◆ What is needed:
The material below holds pictures, which are to be left out; copy exactly the lines from the one with "本柚子的工作💼家常昼夜颠倒,有时候要半夜" through the one with "Spice girl: Kate".

◆ Records for processing:
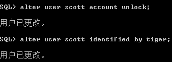 账户登录后输入“alter user scott account unlock;”命令来给scott账户解锁, 解锁完成后要给scott账户设置密码,可以输入“alter user scott identified by tiger;”命令将scott的密码修改为tiger,然后就可以通过scott/tiger登录了!
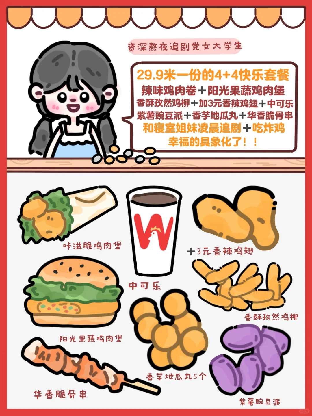 本柚子的工作💼家常昼夜颠倒,有时候要半夜🕛才能休息,这个时候肚子咕咕叫 来一份华莱士快乐套餐🎉当夜宵也超合适😋总之就是很适合我这种大馋丫头犒劳自己哈哈
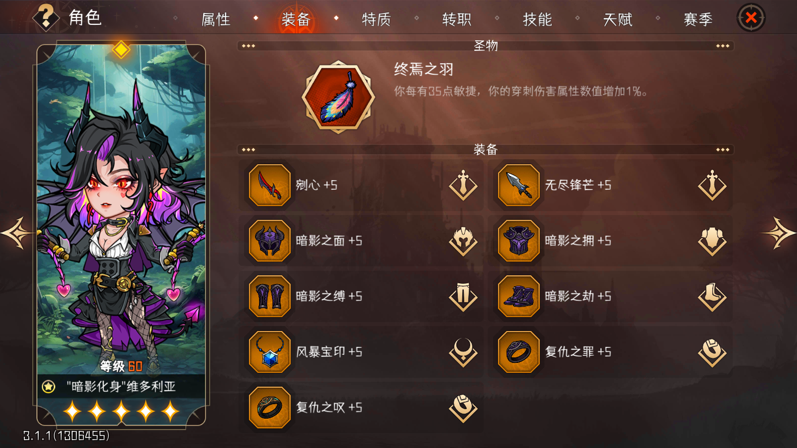 套装:暗影套装(隐身,并且隐身时提供30命中率、30暴击率和60%增伤)
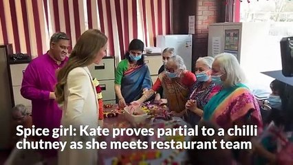 Spice girl: Kate proves partial to a chilli chutney as she meets restaurant team
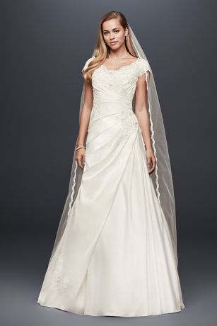 Gently scalloped beaded lace appliques form the neckline, cap sleeves, and bodice detail of this gathered satin wedding dress. The plus-size A-line silhouette is finished with covered buttons and graceful pleating at the back.
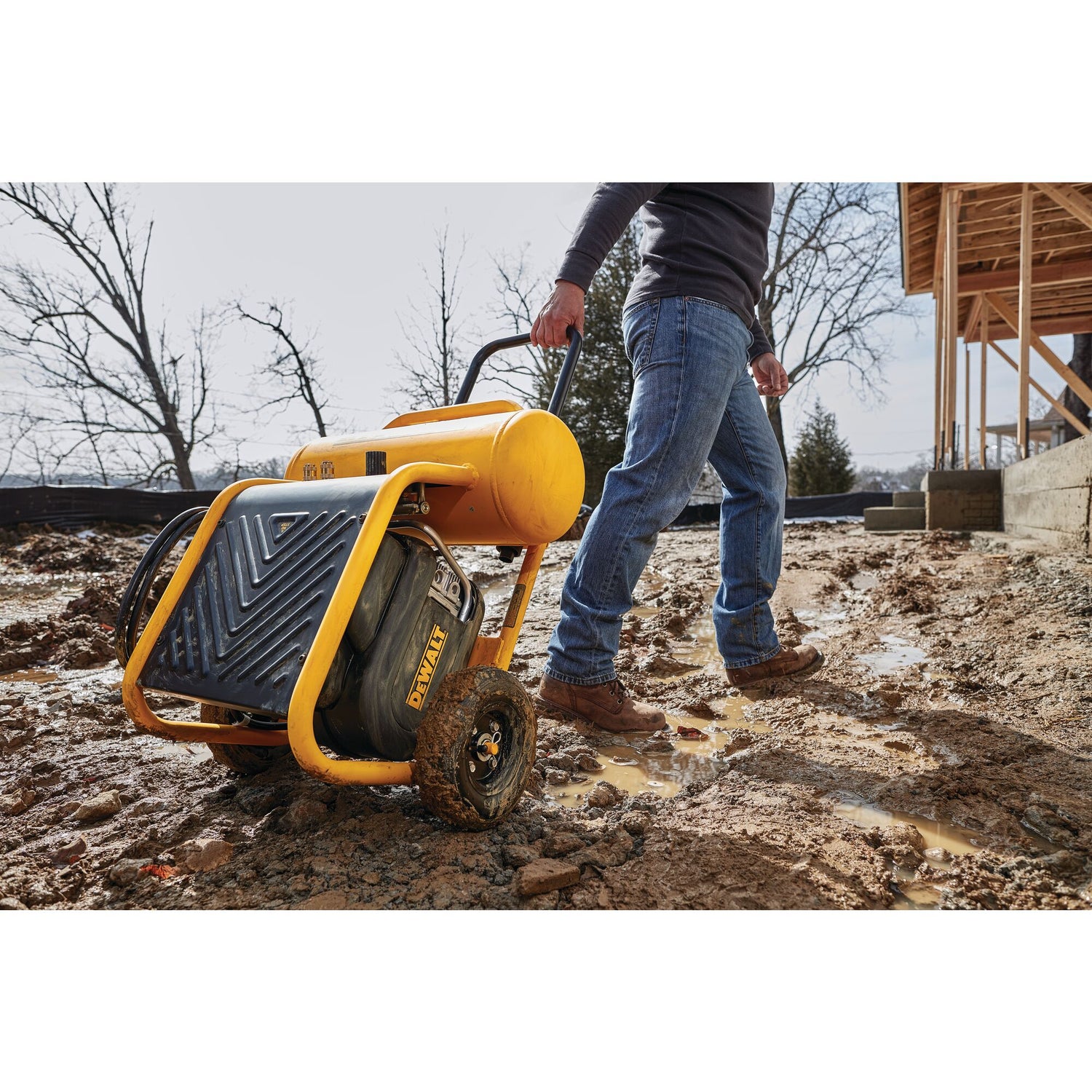 10-in pneumatic wheels allow for easy transportation around the jobsite

◆ Written response:
 本柚子的工作💼家常昼夜颠倒,有时候要半夜🕛才能休息,这个时候肚子咕咕叫 来一份华莱士快乐套餐🎉当夜宵也超合适😋总之就是很适合我这种大馋丫头犒劳自己哈哈
 套装:暗影套装(隐身,并且隐身时提供30命中率、30暴击率和60%增伤)
 Spice girl: Kate proves partial to a chilli chutney as she meets restaurant team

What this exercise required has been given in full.